ProfBench: Multi-Domain Rubrics requiring Professional Knowledge to Answer and Judge

ICLR 2026 Conference SubmissionAnonymous Authors
expert-annotatedprofessional knowledgellm judgerubric evaluation
Abstract:

Evaluating progress in large language models (LLMs) is often constrained by the challenge of verifying responses, limiting assessments to tasks like mathematics, programming, and short-form question-answering. However, many real-world applications require evaluating LLMs in processing professional documents, synthesizing information, and generating comprehensive reports in response to user queries. We introduce ProfBench: a set of over 7000 response-criterion pairs as evaluated by human-experts with professional knowledge across Physics PhD, Chemistry PhD, Finance MBA and Consulting MBA. We build robust and affordable LLM-Judges to evaluate ProfBench rubrics, by mitigating self-enhancement bias and reducing the cost of evaluation by 2-3 orders of magnitude, to make it fair and accessible to the broader community.
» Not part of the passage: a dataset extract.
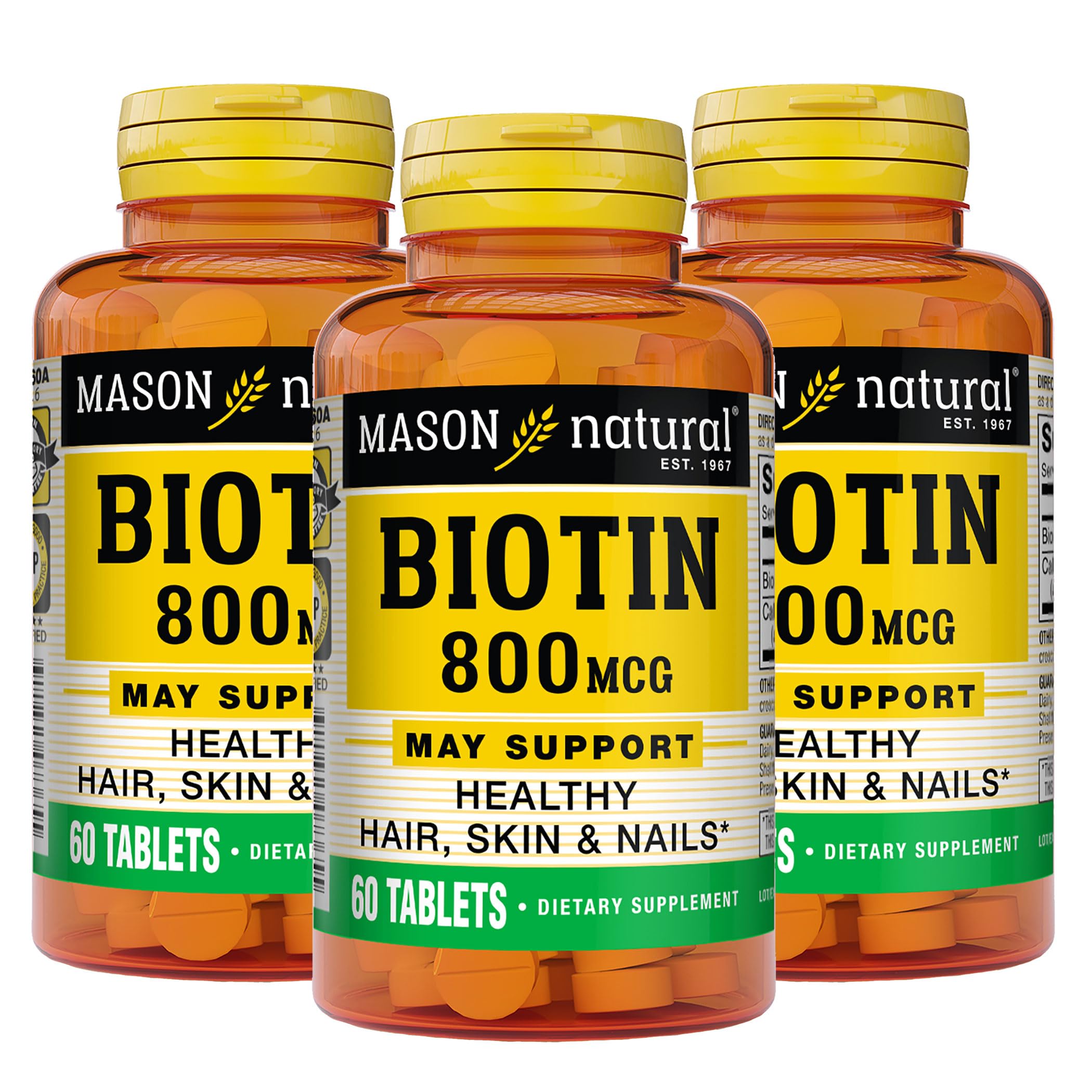 Support your beauty from the inside out with Mason Natural Biotin 800 mcg Tablets, a daily dietary supplement designed to help promote the strength and appearance of hair, skin, and nails. Biotin, also known as Vitamin B7, plays a vital role in amino acid metabolism—key to producing keratin, the essential structural protein found in hair and nails. A deficiency in biotin may lead to brittle nails, thinning hair, or dry, scaly skin. Our 800 mcg high-potency formula offers 2670 of the recommended daily intake, helping to ensure your body receives consistent support for these important beauty functions. Each tablet also includes 62 mg of calcium, adding further benefit to bone and nail health. This clean-label supplement is free from artificial additives and common allergens, making it a safe, effective addition to any daily wellness routine. Since biotin is water-soluble and not stored by the body, daily intake is important. With three 60-tablet bottles included, you'll have a 3-month supply of beauty-enhancing nutrition at your fingertips. Mason Natural has been a trusted name in wellness for generations. Explore our full line of supplements—from collagen and zinc to probiotics and antioxidants—and invest in your everyday health.TRUSTED FOR OVER 50 YEARS: Mason Natural has produced quality vitamin supplements for over five decades, adhering to cGMPs (current Good Manufacturing Practices) and US guidelines with rigorous testing inspections. CLEAN, ALLERGEN-FREE FORMULA: No added sugar, starch, gluten, dairy, soy, peanuts, eggs, shellfish, tree nuts, or artificial colors, flavors, or preservatives. Sodium and yeast free. IDEAL FOR DAILY WELLNESS: Each serving provides 2670 of the Recommended Dietary Intake of Biotin and includes 62 mg of calcium for added support. PROMOTES KERATIN PRODUCTION: May stimulate amino acid production essential for keratin formation, the structural protein that supports healthy hair growth and nail strength. SUPPORTS HAIR, SKIN NAIL HEALTH: Delivers 800 mcg of high-potency Biotin (Vitamin B7) to help strengthen hair strands, nourish skin, and support strong nails.

Our findings reveal that ProfBench poses significant challenges even for state-of-the-art LLMs, with top-performing models like GPT-5-high achieving only 65.9% overall performance. Furthermore, we identify notable performance disparities between proprietary and open-weight models and provide insights into the role that extended thinking plays in addressing complex, professional-domain tasks.

Disclaimer
This report is AI-GENERATED using Large Language Models and WisPaper (A scholar search engine). It analyzes academic papers' tasks and contributions against retrieved prior work. While this system identifies POTENTIAL overlaps and novel directions, ITS COVERAGE IS NOT EXHAUSTIVE AND JUDGMENTS ARE APPROXIMATE. These results are intended to assist human reviewers and SHOULD NOT be relied upon as a definitive verdict on novelty.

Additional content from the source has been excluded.